Особого внимания заслуживает стремление Марины Цветаевой завладеть известными людьми ее времени. Она оставила воздыхания по Наполеону и Пушкину, поскольку не могла рассчитывать на обратную связь. Зато идеализация признанных мастеров слова и платоническая страсть к Пастернаку и Рильке, которых она абсолютно не знала в реальной жизни (а с Рильке даже ни разу не виделась) и в отношениях с которыми она выступила с безоговорочной, пробивной, как торпеда, инициативой, принесла свои сладкие плоды. Эти отношения закрепились в переписке и стали основанием для романтических мечтаний, для высоких поэтических возлияний, что является уже – и Цветаева это хорошо осознавала – посланием в будущее, сообщением о себе последующим поколениям. Завязывая с известными людьми близкие знакомства и делая их предметом платонической страсти, она ставила свое имя рядом с их именами. Причисляя себя к гениям в поэзии, она общалась с гениями, что должно было отразиться на восприятии ее творчества. Она все сделала для этого, сверкнув своим поэтическим талантом, и это уже явилось чистой стратегией введения своего имени в область Вечного. Речь, конечно, не только о Пастернаке и Рильке, но еще и о целой плеяде известных людей, которым она посвятила свою прозу. Как возвышение, так и нападки на известных современников зафиксировали непосредственную близость с ними, приближение заставило действовать формулу «Имидж плюс Имидж», в которой ответ после знака равенства всегда положительный.

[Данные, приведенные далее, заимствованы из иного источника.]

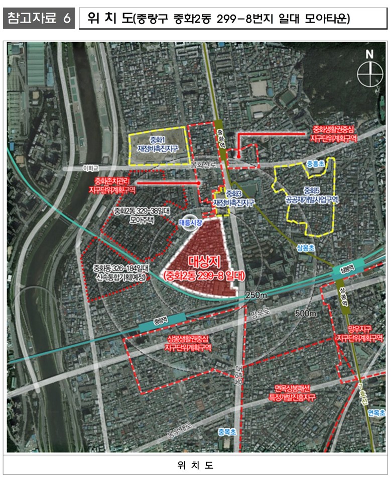 중랑구 중화2동 299-8번지 일대 모아타운은 현재 공사 중인 가로주택정비사업 1개소와 모아주택 3개소 추진을 통해 총 1,800세대(임대 286세대 포함)를 공급한다.

Несколько иными оказались результаты «земных» страстей. Не эксплуатируя свою сексуальность для достижения целей в прямом смысле, Цветаева извлекла из нее иную, однако не меньшую пользу. Вулканическая страсть без сокрытия греха при трепетных переживаниях и душевных мучениях мужа позволила ей, по меткому замечанию одного из исследователей, преподнести миру «пределы максимального обнажения человеческой природы». Выворачивая наружу свой интимный мир, Цветаева закладывала многочисленные детонаторы в общественное сознание, организовав серию красочных, картинных взрывов. Красочных и живописных, потому что оформлены они были в редкие по колориту строки, проникающие в душу почти каждого, кто близко соприкасался с ними. В таком подходе также заключается часть стратегии, потому что абсолютным новшеством в поэзии явилось безбоязненное препарирование ощущений вслед за противоречивыми страстями. Таким образом, Цветаева сумела получить максимальный результат от своих чувственных, то сентиментальных, то яростных и почти бесстыдных стремлений. Даже если тут не было никакого умысла, даже если все в любви и эротизме происходило эмоционально, по женскому наитию, результат содеянного имеет, тем не менее, контуры удивительно выстроенной жизненной стратегии. Определенно она была вампиром и в любви, и в жизни вообще, вампиром по определению, пользователем чужой энергетики и чужой чувственности. Хотя вполне вероятно, что в ее разрушительной деятельности не было злого умысла, просто весь мир должен был жить ради нее, обслуживать ее и, конечно, восхищаться ею.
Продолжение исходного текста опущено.